Kimi picked up a plastic bag and held it open so Mohit could scoop a measure into it. “Stop being so judgmental,” she said when he looked impressed, “I am capable of holding bags open.”
They filled the bags in silence for a few moments. “So what do you do? Other than torture your brother for a reaction?”
He didn’t answer. He would be mortified to hear it, but he was so much like Rahul.
“I mean, since you dropped out of engineering college.” She shook another bag open and held it up.
He scooped turmeric into it and she put it on a tray. “I work for a grass roots community organization that trains people.”
“Sounds impressive. What kind of training?” She blew at the next bag to open it.
He studied her again, with that Rahul-like frown folded between
his brows. “We help people become employable. People from other states come here and take our jobs, so we make sure local businesses hire our people.”
“So you bully people into hiring underqualified people?”
“They’re not underqualified. They’re good, honest people who refuse to brownnose and sell out.” He dumped turmeric into the bag with such force most of it missed.
She shook it off her hands. “So, you don’t need a degree, you don’t need to be nice, but you’re supposed to have jobs because you’re from around here?”
“We don’t compromise our principles.”
“Right, your principles are why you dropped out of college when your brother has worked his butt off since he was sixteen to pay for your education?”
“Oh, but he wasn’t the one paying for it, see?”
“Do you have any idea who I am?”
He studied her with mock interest, spinning the scoop in a circle around her face. “We’ve already struck off gangster and cop from the list of possibilities.
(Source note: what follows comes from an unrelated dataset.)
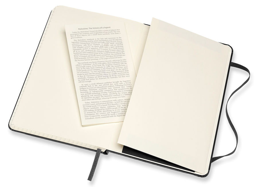 Достаточно маленькая, чтобы поместиться в любую сумку, достаточно большая, чтобы вместить великие идеи. Новая записная книжка Classic среднего размера от Moleskine имеет закругленные углы для защиты от повреждений в дороге и эластичную застежку для сохранности записанных вашей рукой мыслей и творческих идей. Подходящая по цвету лента-закладка помогает не забыть о ваших проектах, а в расширяемый внутренний кармашек удобно складывать разные заметки, сделанные в течение дня. Под оригинальной надписью «In case of loss» на переднем форзаце можно указать свое имя, контактные данные и уведомление о вознаграждении на случай, если вы где-то потеряете свои важные заметки. Этот блокнот среднего размера предлагается в классическом черном, алом и сапфировом синем цвете с нелинованной бумагой либо страницами в линию, точку или клетку. Он создан стать вашим компаньоном, куда бы вы ни направлялись, и готов сохранить вдохновенные идеи, где бы они вас ни посетили.

Hmm, I know! You’re a Bollywood starlet who’s supposed to take India by storm anytime now.”
“Funny. I’m Kirit Patil’s daughter.”
She let that sink in. He silently stabbed the turmeric mound with the scoop a few times.
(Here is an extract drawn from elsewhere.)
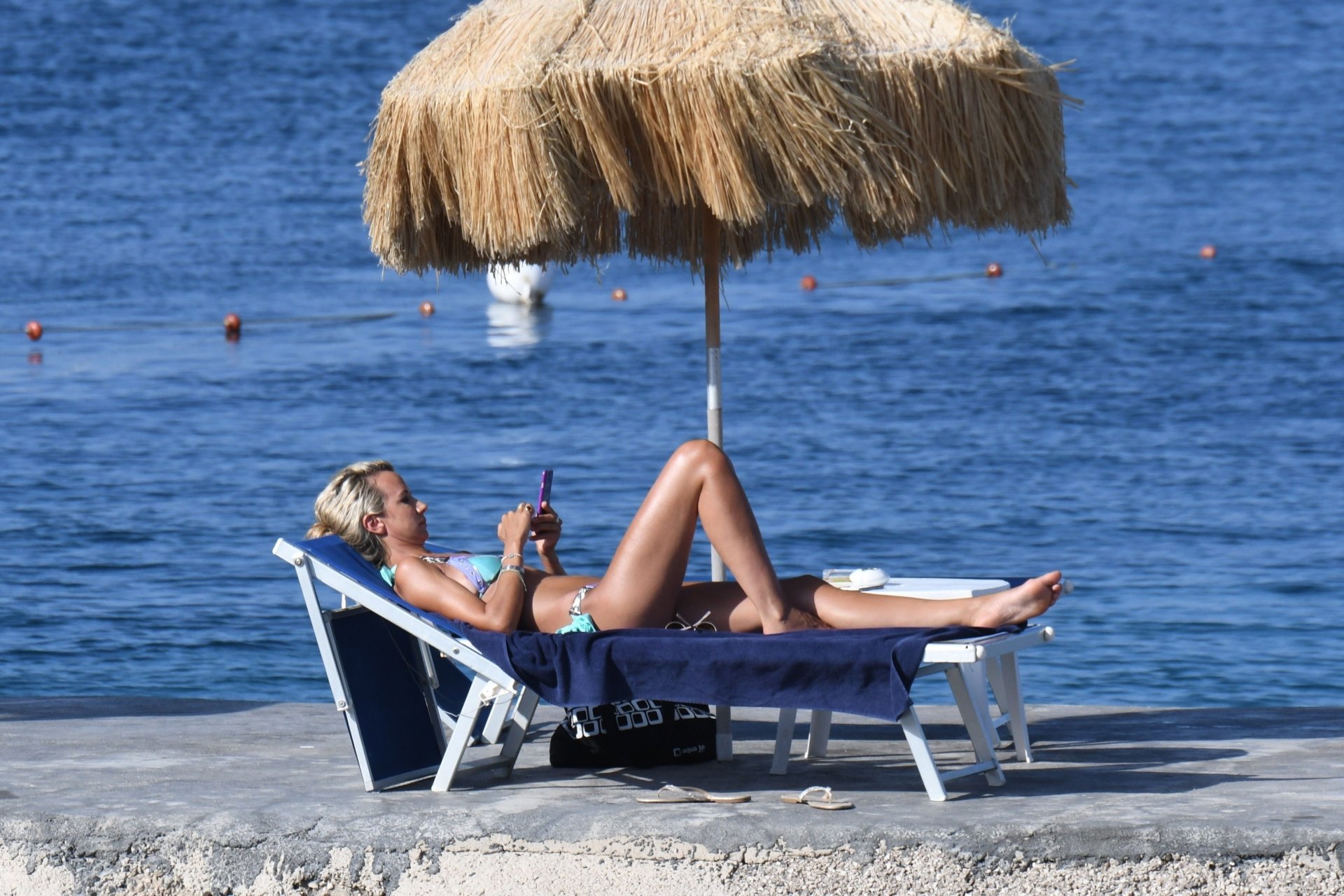 Lady Victoria Hervey est vue en bikini à l’Hôtel Regina Isabella lors de vacances à Ischia, le 21/07/2018. La blonde de 41 ans a exhibé son corps mince devant les paparazzis.

“Do you know what your brother was doing the first time I saw him fourteen years ago? He was perched on top of a fifteen-foot-ladder scrubbing bird shit off the windows of The Mansion you seem to think he somehow went to and lolled about in for all those years.”
He looked up at her. “I’m sure your father is very generous. But you really want me to believe that Kirit Patil paid my brother hundreds of thousands of rupees for cleaning bird shit?”
Kimi tapped his scoop with her plastic bag and looked at the door over her shoulder to make sure Rahul was still on the phone outside. “No, your brother also tutored me and cataloged our library and set up computers and fixed things that broke and worked in the garden. And although he had already worked so much of it off, he paid my father back every penny my father had ever spent on your education in just two years after he got his commission. There isn’t a paisa of debt left.”